- **What the task requires**:
From the line containing "Black Ink and" to the last line of the records below, transcribe everything exactly, pictures excluded.
++++ Given records
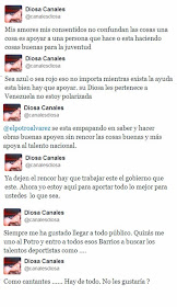 Así lo dio a conocer en su cuenta personal @canalesdiosa donde expresó: @elportroalvarez se está empapando en saber y hacer obras apoyen sin rencor las cosas buenas y más apoya al talento nacional”.
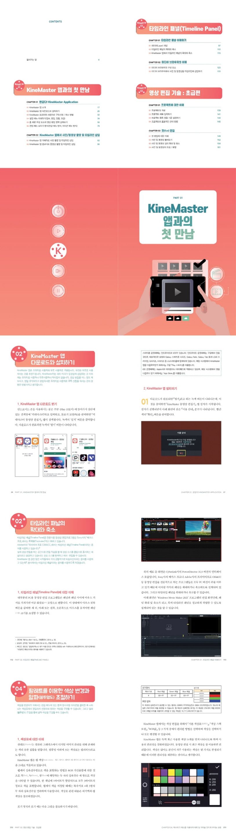 셋째, 동영상 편집 도중에 궁금한 내용이 생기면 얼른 찾아서 볼 수 있도록 백과사전식으로 Part ㆍ 장 ㆍ 절을 구성하였다. 이것도 다른 키네마스터 관련 서적들과 차별화되는 점이다.
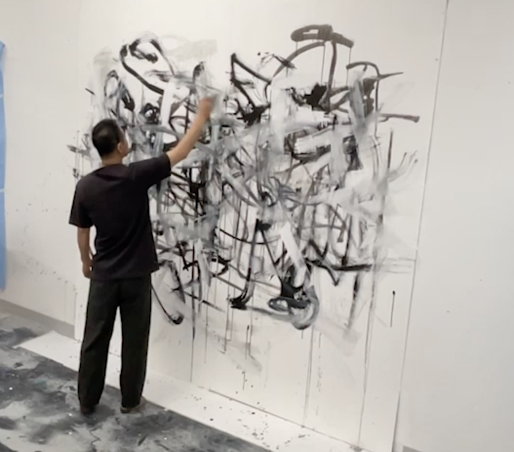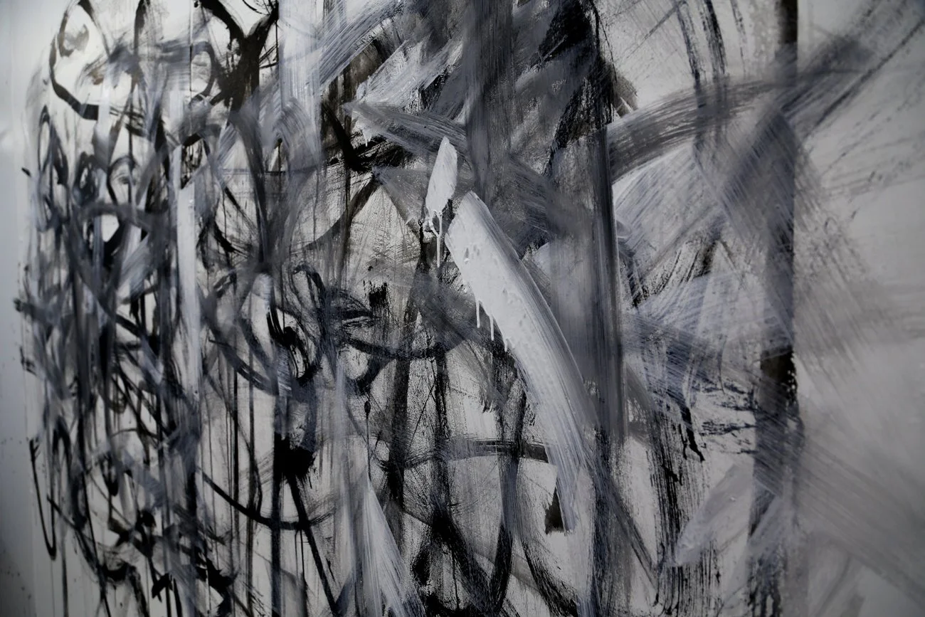 Black Ink and Acrylic on wood panel, 96 × 110 in, 2025
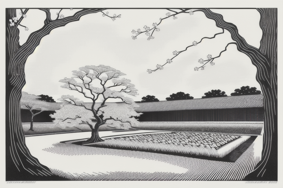 このモデルは、オランダの芸術家Samuel Jessurun de Mesquitaの木版画を用いて学習されました。デ・メスキータの幾何学的スタイルは、彼の弟子であるM.C.エッシャーの遠近法をねじ曲げた作品に影響を与えた可能性があります。
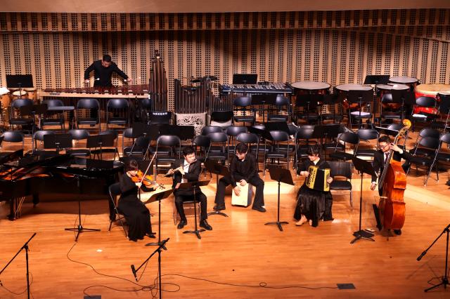 音乐会的下半场同样精彩纷呈。扬琴协奏曲《海峡音诗》通过悠扬的轮音与激昂的快板,抒发了对两岸血脉相连的深情讴歌和对祖国统一的殷切期盼。6位师生组成的小乐队演奏的阿根廷经典作品《自由探戈》以创新的乐器组合呈现,马林巴与卡宏箱鼓的加入为作品注入了新的活力。
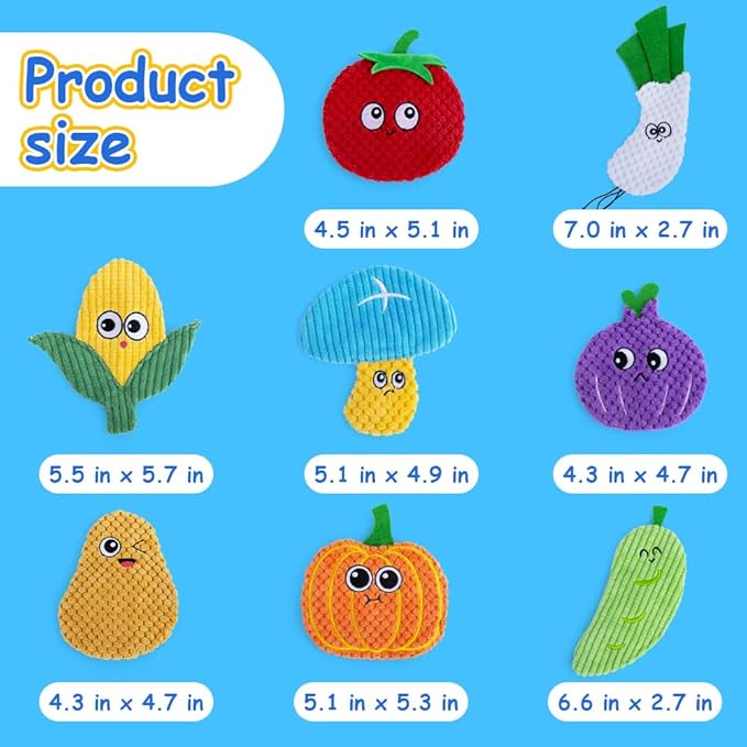- 【8 Pack No Stuffing Dog Toys】8 pack dog toys set include multiple squeakers, your furry friend will crazy about it! Newest styles (Corn, Pumpkin, Potato, Scallion, Onion, Tomato, Mushroom, Pea) different from other similar no stuffing dog toys. And we specially choose the artificial rabbit plush/corduroy which is soft and durable.Your pet deserves the best!
++++++++
- **Finished task**:
 Black Ink and Acrylic on wood panel, 96 × 110 in, 2025
 このモデルは、オランダの芸術家Samuel Jessurun de Mesquitaの木版画を用いて学習されました。デ・メスキータの幾何学的スタイルは、彼の弟子であるM.C.エッシャーの遠近法をねじ曲げた作品に影響を与えた可能性があります。
 音乐会的下半场同样精彩纷呈。扬琴协奏曲《海峡音诗》通过悠扬的轮音与激昂的快板,抒发了对两岸血脉相连的深情讴歌和对祖国统一的殷切期盼。6位师生组成的小乐队演奏的阿根廷经典作品《自由探戈》以创新的乐器组合呈现,马林巴与卡宏箱鼓的加入为作品注入了新的活力。
- 【8 Pack No Stuffing Dog Toys】8 pack dog toys set include multiple squeakers, your furry friend will crazy about it! Newest styles (Corn, Pumpkin, Potato, Scallion, Onion, Tomato, Mushroom, Pea) different from other similar no stuffing dog toys. And we specially choose the artificial rabbit plush/corduroy which is soft and durable.Your pet deserves the best!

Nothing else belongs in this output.